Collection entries
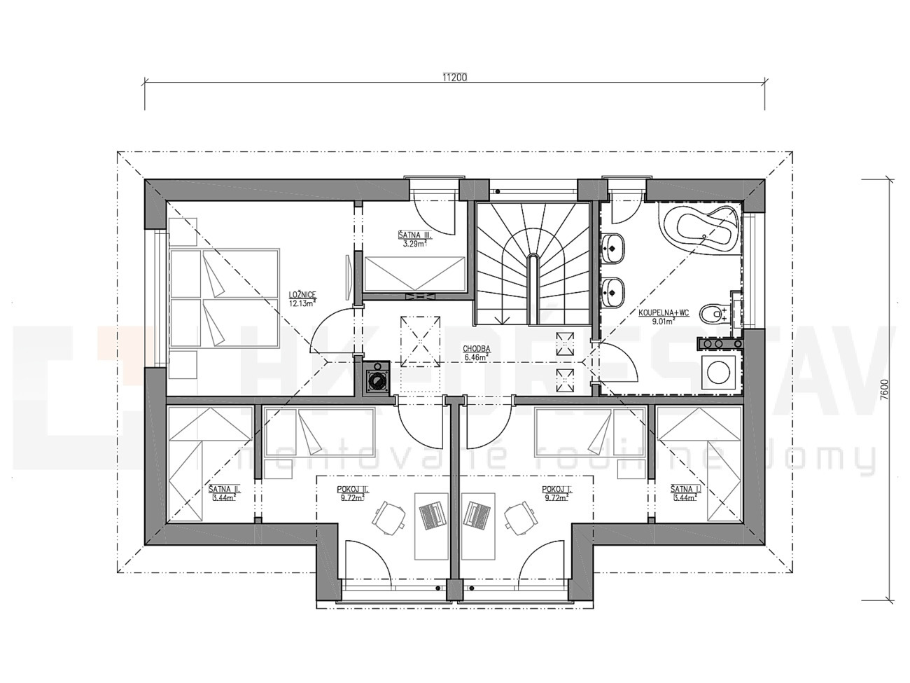 půdorys v patře je variabilní
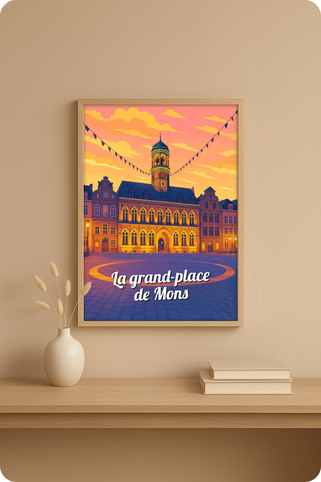 Cœur battant de la ville de Mons, la Grand-Place séduit par son atmosphère conviviale, ses façades historiques et son charme intemporel. Cette affiche design en propose une interprétation artistique et épurée, parfaite pour les amoureux du patrimoine belge et du design minimaliste.
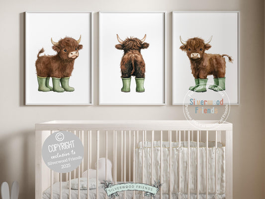 Highland Cow In Boots Nursery Prints - Green Boots 002
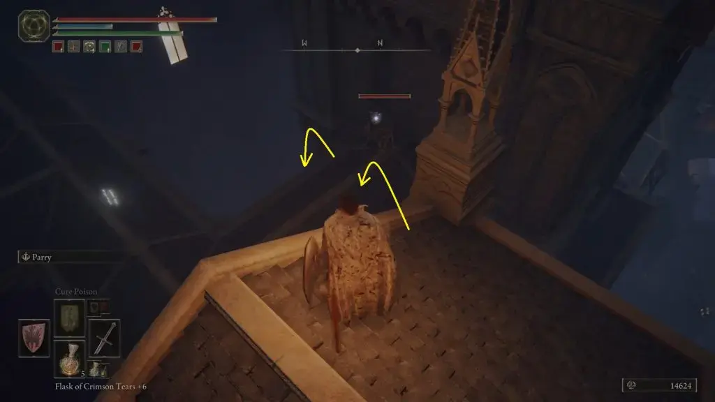 거기서 아래 지붕으로 뛰어내립니다. 그리고 아래 그림과 같이 탑에 도달할 때까지 지붕 위를 계속 남쪽으로 걸어라.
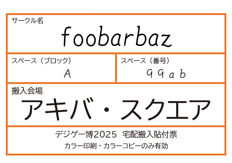 宅配搬入票は2階用・4階用で別になっています。ご自分のサークルスペースのある会場をお確かめください。 宅配搬入票(2F用)ダウンロード 宅配搬入票(4F用)ダウンロード 宅配搬入票の記入例 画像は2Fの搬入票の例です。 宅配搬入票の使い方・ご注意 A4サイズにカラーで印刷後、必要な分だけ切り取ってご使用ください。 見やすい位置に、配送途中で剥がれないようしっかりと貼り付けてください。 白黒印刷の搬入票は無効です。

[Your instructions] Return every record above exactly as written, but drop the pictures.

[Solution for this problem]
 půdorys v patře je variabilní
 Cœur battant de la ville de Mons, la Grand-Place séduit par son atmosphère conviviale, ses façades historiques et son charme intemporel. Cette affiche design en propose une interprétation artistique et épurée, parfaite pour les amoureux du patrimoine belge et du design minimaliste.
 Highland Cow In Boots Nursery Prints - Green Boots 002
 거기서 아래 지붕으로 뛰어내립니다. 그리고 아래 그림과 같이 탑에 도달할 때까지 지붕 위를 계속 남쪽으로 걸어라.
 宅配搬入票は2階用・4階用で別になっています。ご自分のサークルスペースのある会場をお確かめください。 宅配搬入票(2F用)ダウンロード 宅配搬入票(4F用)ダウンロード 宅配搬入票の記入例 画像は2Fの搬入票の例です。 宅配搬入票の使い方・ご注意 A4サイズにカラーで印刷後、必要な分だけ切り取ってご使用ください。 見やすい位置に、配送途中で剥がれないようしっかりと貼り付けてください。 白黒印刷の搬入票は無効です。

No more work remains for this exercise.